Fox News host Tucker Carlson laughs it up with Donald Trump at Trump’s golf club in Bedminster, New Jersey, on July 31, 2022.Seth Wenig/AP
The Corruption at Fox News Is Worse Than You Assumed
An explosive legal filing reveals evidence showing the network is crooked from top to bottom.
David Corn
Editor’s note: The below article first appeared in David Corn’s newsletter, Our Land. The newsletter is written by David twice a week (most of the time) and provides behind-the-scenes stories about politics and media; his unvarnished take on the events of the day; film, book, television, podcast, and music recommendations; interactive audience features; and more. Subscribing costs just $5 a month—but you can sign up for a free 30-day trial of Our Land here. Please check it out. And please also check out David’s new New York Times bestseller, American Psychosis: A Historical Investigation of How the Republican Party Went Crazy.
Isn’t it comforting to have your worst suspicions confirmed?
Last week, the release of a legal filing in Dominion Voting Systems’ $1.6 billion defamation case against Fox News disclosed text messages, emails, and deposition testimony of Fox hosts and executives that provided a rare look at the inner workings of a propaganda outfit that masquerades as a news network. They revealed that Fox and its on-air personalities relentlessly validated and amplified Donald Trump’s Big Lie about the 2020 election, even though they knew his claim of a stolen election was utter bullshit. The network, which has billed itself as “fair and balanced,” endorsed and advanced Trump’s dangerous disinformation campaign and actively aided his effort to subvert American democracy. The result? A violent attempt at insurrection at the US Capitol.
By now, you may have read about the specific examples cited in the legal document. Fox’s top hosts and network executives were texting each other and noting that the election conspiracy theories—especially the crap pushed by lawyers Sidney Powell and Rudy Giuliani about Dominion supposedly rigging its voting machines to deny Trump victory—were bogus. Undeterred, Fox kept promoting this nonsense.

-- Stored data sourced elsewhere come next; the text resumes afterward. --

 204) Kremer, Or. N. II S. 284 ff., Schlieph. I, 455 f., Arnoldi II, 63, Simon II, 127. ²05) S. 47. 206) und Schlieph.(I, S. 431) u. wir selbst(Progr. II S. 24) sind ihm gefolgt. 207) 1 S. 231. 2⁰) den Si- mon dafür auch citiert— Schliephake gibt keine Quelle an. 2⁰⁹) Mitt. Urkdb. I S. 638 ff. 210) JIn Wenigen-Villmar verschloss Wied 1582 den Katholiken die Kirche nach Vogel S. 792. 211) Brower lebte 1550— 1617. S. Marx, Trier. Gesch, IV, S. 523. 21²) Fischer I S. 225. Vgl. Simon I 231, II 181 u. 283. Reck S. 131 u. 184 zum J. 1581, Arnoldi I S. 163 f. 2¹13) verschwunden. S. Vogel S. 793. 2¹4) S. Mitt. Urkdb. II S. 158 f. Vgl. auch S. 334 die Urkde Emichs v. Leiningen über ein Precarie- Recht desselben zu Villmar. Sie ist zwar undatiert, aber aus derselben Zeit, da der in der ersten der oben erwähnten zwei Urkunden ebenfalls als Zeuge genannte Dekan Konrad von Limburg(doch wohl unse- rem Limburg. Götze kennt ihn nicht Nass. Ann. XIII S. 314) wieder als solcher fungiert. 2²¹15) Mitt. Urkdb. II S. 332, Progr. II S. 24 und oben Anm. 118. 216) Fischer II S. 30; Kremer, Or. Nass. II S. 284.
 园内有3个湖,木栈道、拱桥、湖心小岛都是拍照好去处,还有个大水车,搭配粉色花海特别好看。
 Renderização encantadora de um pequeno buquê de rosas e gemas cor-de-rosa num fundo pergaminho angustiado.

When a Fox reporter fact-checked these notions and found them baseless, host Tucker Carlson texted host Sean Hannity, “Please get her fired. Seriously….What the fuck? I’m actually shocked…It needs to stop immediately, like tonight. It’s measurably hurting the company. The stock price is down. Not a joke.” When then–White House correspondent Kristin Fisher vetted the absurd claims made by Powell and Giuliani, she received a call from her boss who told her the “higher-ups at Fox News were also unhappy with it” and Fisher “needed to do a better job of respecting our audience.”

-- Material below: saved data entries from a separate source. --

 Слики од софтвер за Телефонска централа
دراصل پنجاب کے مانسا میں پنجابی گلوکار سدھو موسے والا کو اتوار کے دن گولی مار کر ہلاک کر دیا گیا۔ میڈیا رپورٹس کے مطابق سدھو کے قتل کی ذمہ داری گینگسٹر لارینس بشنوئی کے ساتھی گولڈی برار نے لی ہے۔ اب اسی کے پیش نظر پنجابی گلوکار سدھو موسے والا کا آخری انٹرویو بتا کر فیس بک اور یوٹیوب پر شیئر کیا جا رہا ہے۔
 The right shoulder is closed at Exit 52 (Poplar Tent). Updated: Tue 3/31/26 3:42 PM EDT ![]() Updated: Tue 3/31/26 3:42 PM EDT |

According to the legal filing, the most bonkers of Fox hosts—Maria Bartiromo, Lou Dobbs, and Jeanine Pirro—provided a platform for the most deranged allegations, even when they had good reason to know they were unfounded. Bartiromo hosted Powell and gave credence to her cockamamie charges after Powell had sent her a bizarre email from a supposed source for the Dominion allegations who claimed, “I was internally decapitated, and yet, I live….The Wind tells me I’m a ghost, but I don’t believe it.”
Carlson repeatedly told his Fox colleagues that Trump was dangerous, suggesting the network could not honestly and accurately cover his election lies without risking terrible consequences—not for democracy but for Fox. “What [Trump]’s good at is destroying things,” he said in one message. “He’s the undisputed world champion of that. He could easily destroy us if we play it wrong.” In a text sent to his producer late on January 6, 2021, Carlson called Trump “a demonic force, a destroyer.” Did he ever share this view with his audience? Of course not. And even though he privately denigrated the 2020 election conspiracy theories as rubbish, Carlson still had Mike Lindell, the My Pillow guy, on his show and handed him a platform to spout his usual crackpot accusations about Dominion conspiring with the Deep State and other nefarious entities to falsify the vote count in Joe Biden’s favor.

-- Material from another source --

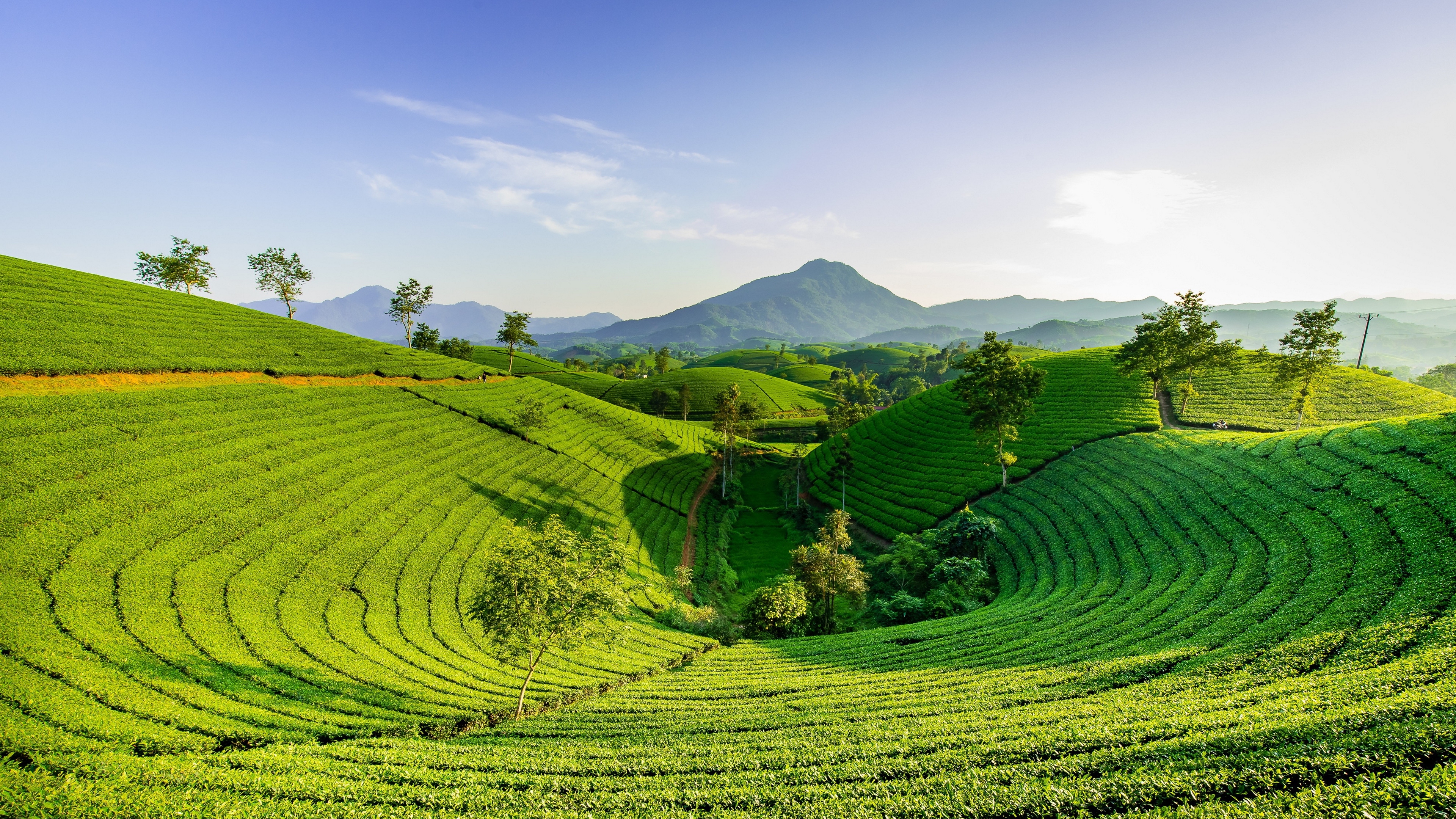 Description: A green field with a mountain in the background and a blue sky in the background with clouds in the sky.

No other self-proclaimed news organization has ever been so fully discredited as Fox has been with this one legal brief. (You should read the document.) This is not the case of one reporter, one editor, or one story going off the rails. This is an indictment of an entire outfit. The full barrel of apples is rotten to the core. What this filing demonstrates is that the Fox universe is racked with corruption, greed, fear, irrationality, cynicism, and ignorance—from top to bottom. That ought to be the ultimate takeaway.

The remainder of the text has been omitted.